Вездесущий репортер Джон Рид побывал в это дни во дворце. Побеседовал с молодым офицером, встреченным возле кабинета Керенского, заинтересовался запертой дверью, за которой, как тот сказал, были юнкера…

«– А можно нам пройти туда?

– Нет, разумеется, нет! Запрещено… – вдруг он пожал нам руки и ушел. Мы повернулись к заветной двери, устроенной во временной перегородке, разделявшей комнату. Она была заперта с нашей стороны. За стенкой были слышны голоса и чей-то смех, странно звучавший в тишине огромного и старинного дворца. К нам подошел старик-швейцар.
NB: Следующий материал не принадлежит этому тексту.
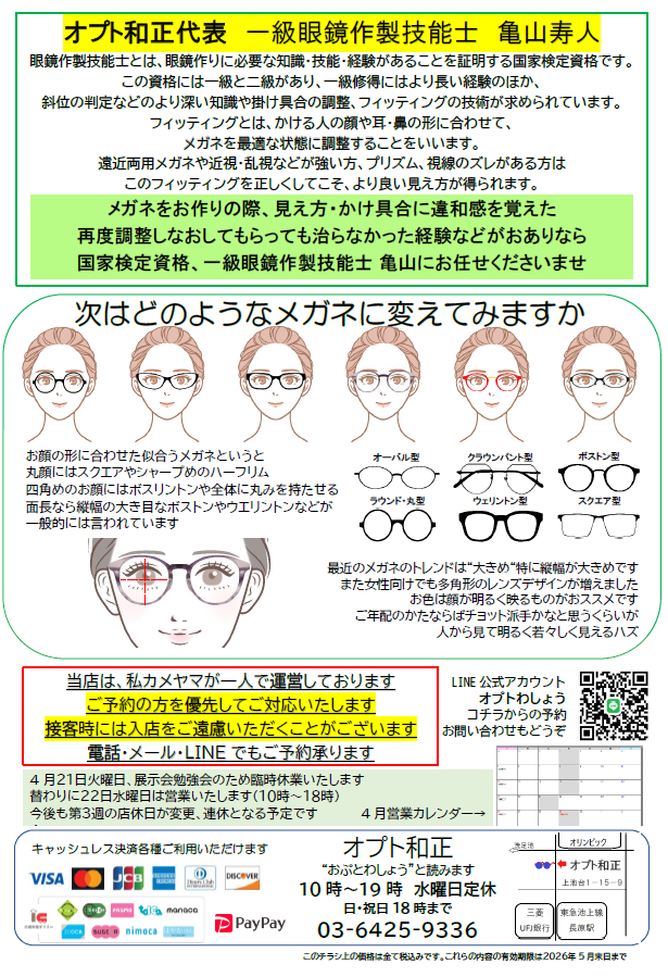 洗足池時代からのお客様、眼鏡作製技能士を信頼してくださったお客様、

– Нельзя, барин, туда нельзя!

– Почему дверь заперта?

– Чтобы солдаты не ушли, – ответил он.

Через несколько минут он сказал, что хочет выпить стакан чаю, и ушел. Мы открыли дверь. У порога оказалось двое часовых, но они ничего не сказали нам. Коридор упирался в большую, богато убранную комнату с золотыми карнизами и огромными хрустальными люстрами. Дальше была целая анфилада комнат поменьше, отделанных темным деревом. По обеим сторонам на паркетном полу были разостланы грубые и грязные тюфяки и одеяла, на которых кое-где валялись солдаты. Повсюду груды окурков, куски хлеба, разбросанная одежда и пустые бутылки из-под дорогих французских вин. Вокруг нас собиралось все больше и больше солдат в красных с золотом юнкерских погонах. Душная атмосфера табачного дыма и грязного человеческого тела спирала дыхание. Один из юнкеров держал в руках бутылку белого бургундского вина, очевидно стащенную из дворцовых погребов… Все помещение было превращено в огромную казарму, и, судя по состоянию стен и полов, превращение это совершилось уже несколько недель тому назад».
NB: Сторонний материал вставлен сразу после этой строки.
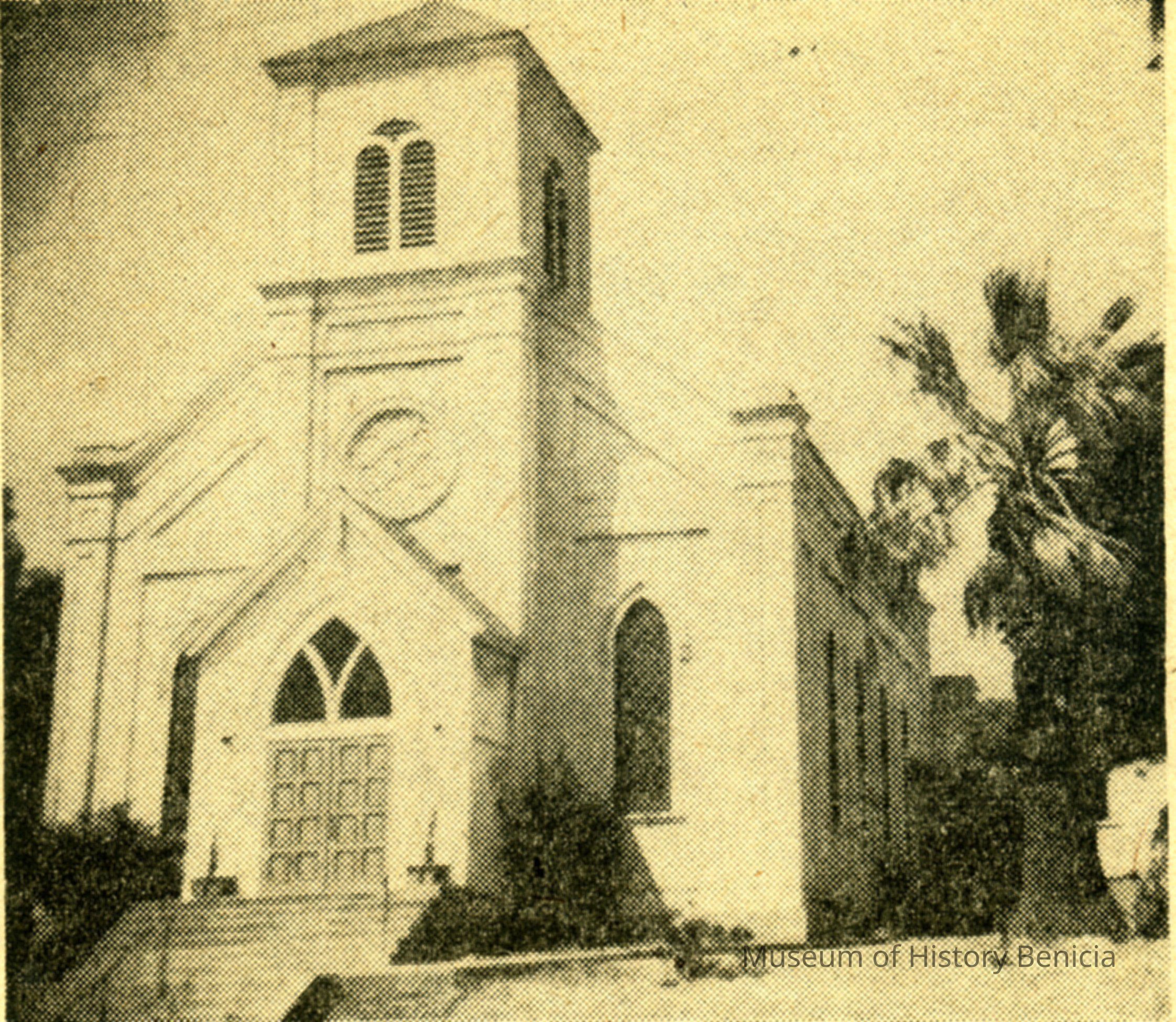 Newspaper photograph of the First Congregational church on west "J" St. Near First St. The Lenoir Miller Collection.

Главным стимулом, удерживавшем во дворце его защитников, являлась, разумеется, не верность правительству, а знаменитые царские винные погреба[9]. Но все же стимул сей был не дороже жизни, и Керенский это хорошо понимал. 25 октября, в 2 часа 20 минут ночи, в Ставку главнокомандующему Духонину ушли две телеграммы с требованиями перебросить в Петроград казачьи части – все, до которых можно дотянуться. Вызвали в Зимний и казачьи полки, расквартированные в Петрограде – но те ответили, что без пехоты не пойдут. Генерал Левицкий, состоявший для поручений при министре-председателе, сообщал Духонину: «Впечатление, как будто бы Временное правительство находится в столице враждебного государства, закончившего мобилизацию, но не начавшего активных действий». И, для окончательной шизофреничности происходящего, по Дворцовому мосту в виду осажденного Зимнего дворца ходили трамваи, в городе работали рестораны и кинематографы, в театрах шли спектакли. По Дворцовой площади и по набережным болтались толпы зевак в ожидании бесплатного представления – штурма Зимнего дворца.